On the other hand, GUI-based GIS systems (particularly QGIS) are also advantageous. For instance, think of:

  • The GUI. The really user-friendly graphical interface spares the user from programming. Though you probably wouldn’t read the book if this were your main objective.
  • Digitizing and all related tools (trace, snap, topological rules, etc.). Note that there is also the new mapedit package but its intention is to allow the quick editing of a few spatial features, and not professional, large-scale cartographic digitizing.
  • Georeferencing.
  • Stereoscopic mapping (e.g., LiDAR and structure from motion).
  • The built-in geodatabase management system often integrated in Desktop GIS (ArcGIS, GRASS GIS) and all related advantages such as object relational modeling, topology, fast (spatial) querying, etc.
  • Map production, in case you only want to create a beautiful map once. If you have to produce it over and over again, then maybe the CLI approach is better.
  • Zooming and dragging on WMS (though this is also possible with mapview and leaflet).
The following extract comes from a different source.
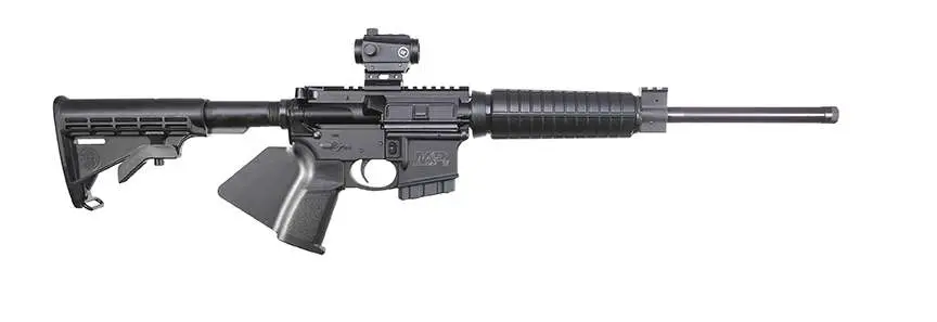S&W M&P15 Rifle is the ideal modern sporting rifle. It is versatile, reliable, and built to perform multiple uses under various conditions. It is also lightweight and rugged which embodies the best combination of function and form. The Sport II optic-ready rifle features a Crimson Trace red-green dot optic sight which provides an out-of-the box sight solution on your optics ready rifle. With both red or green dot reticles, the you can pick the color and the intensity of the dot that works best for them. It also utilizes a gas block with an integral Picatinny-style rail, Armornite finish on the barrel both on the interior and exterior, and a forward assist and dust cover.

This general overview already points out the differences between R’s CLI and desktop GIS. However, there is more: dedicated GIS software provides hundreds of geoalgorithms that are simply missing in R. The good news is that ‘GIS bridges’ enable the access to these with the comfort of the R command line.63

The R language was originally designed as an interface to and extension of other languages, especially C and FORTRAN, to enable access to statistical algorithms in a user-friendly and intuitive read-evaluate-print loop (REPL) (Chambers 2016). R was not originally intended to be a GIS. This makes the breadth of R’s geospatial capabilities astonishing to many who are unaware of its ability to replicate established GIS software for many operations on spatial data. There are some domains where R can now outperform desktop GIS including spatial statistical modeling, online interactive visualization and the generation of animated or faceted maps.
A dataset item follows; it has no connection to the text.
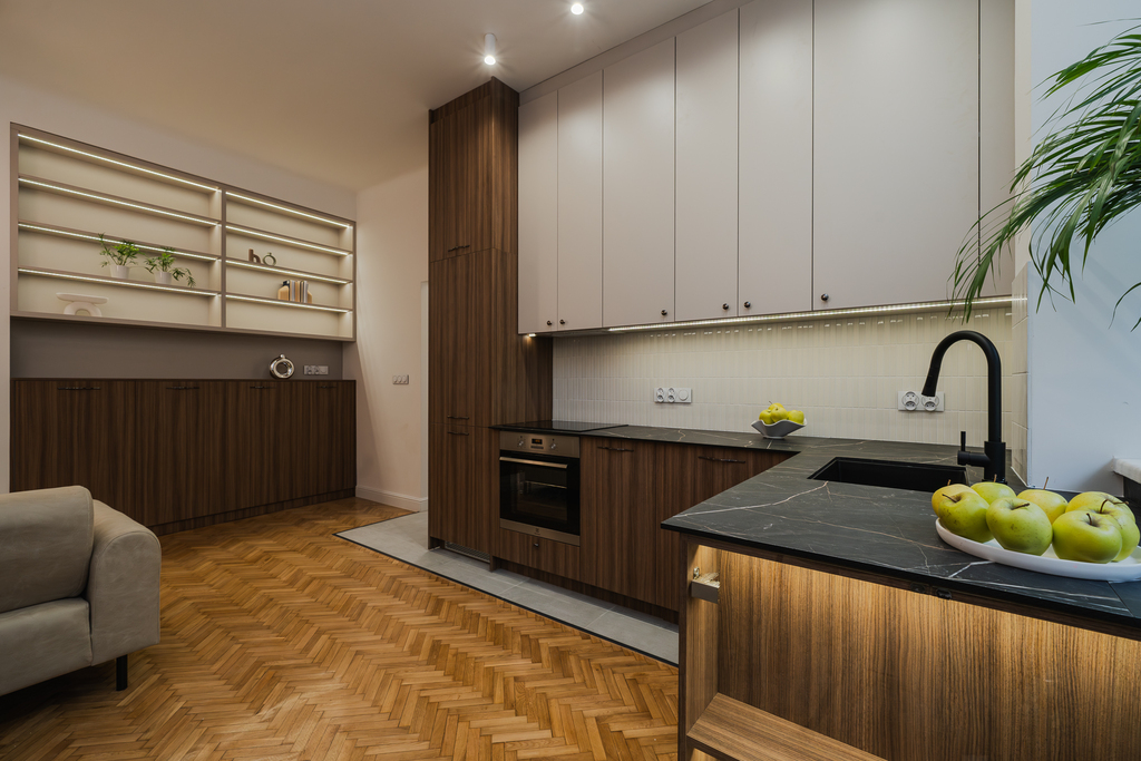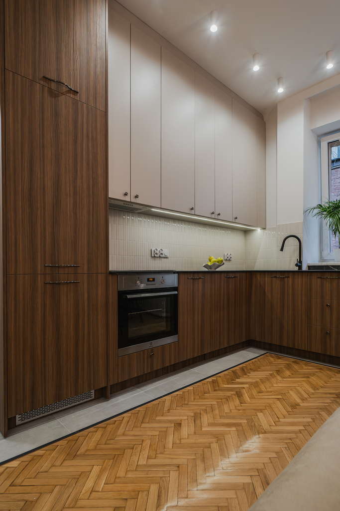 As mentioned above, the property has undergone a complete renovation. The interior has been designed with taste and flair. The furniture is custom-made, and the appliances, such as a washing machine, refrigerator, freezer, and oven, make the apartment easy to move into.

Instead of implementing existing GIS algorithms in R, it makes sense to avoid ‘reinventing the wheel’ by taking advantage of R’s ability to interface with other languages (especially C++, which is used for much low-level and high-performance GIS work). Using compiled code for new geoprocessing functionality (particularly with the help of the excellent Rcpp package) could form the basis of new R packages, building on the success of sf. However, there is already a wide range of algorithms that can be accessed via R’s interfaces to dedicated GIS software. It makes sense to understand these before moving to develop your own optimized algorithms. For this reason this chapter focuses on ‘bridges’ to the mature GIS products QGIS (via the package RQGIS), SAGA (RSAGA) and GRASS (rgrass7) from within R. Obviously, we here focus on open-source software solutions, however, there is also a bridge to the commercial GIS leader ArcGIS through the RPyGeo package. And the so-called R-ArcGIS bridge allows to use R from within ArcGIS. As a final note, we would like to point out that aside from interfaces to desktop GIS there are also interfaces to geospatial libraries such as GDAL (gdalUtils, rgdal, sf) and GEOS (rgeos, sf). By the end of the chapter you should have a working knowledge of the functionality such packages open up, and a more nuanced understanding of the ‘CLI vs GUI’ debate. As mentioned in chapter 1, doing GIS at the command-line makes it more reproducible, in-line with the principles of Geographic Data Science.

10.1 (R)QGIS

QGIS is one of the most popular open-source GIS (Table 10.1; Graser and Olaya 2015). Its main advantage lies in the fact that it provides a unified interface to several other open-source GIS.

Table 10.1: Comparison between three open-source GIS. Hybrid refers to the support of vector and raster operations.
GIS first release no. functions support
GRASS 1984 >500 hybrid
QGIS 2002 >1000 hybrid
SAGA 2004 >600 hybrid

Note: a Comparing downloads of different providers is rather difficult (see http://spatialgalaxy.net/2011/12/19/qgis-users-around-the-world/), and here also useless since every Windows QGIS download automatically also downloads SAGA and GRASS.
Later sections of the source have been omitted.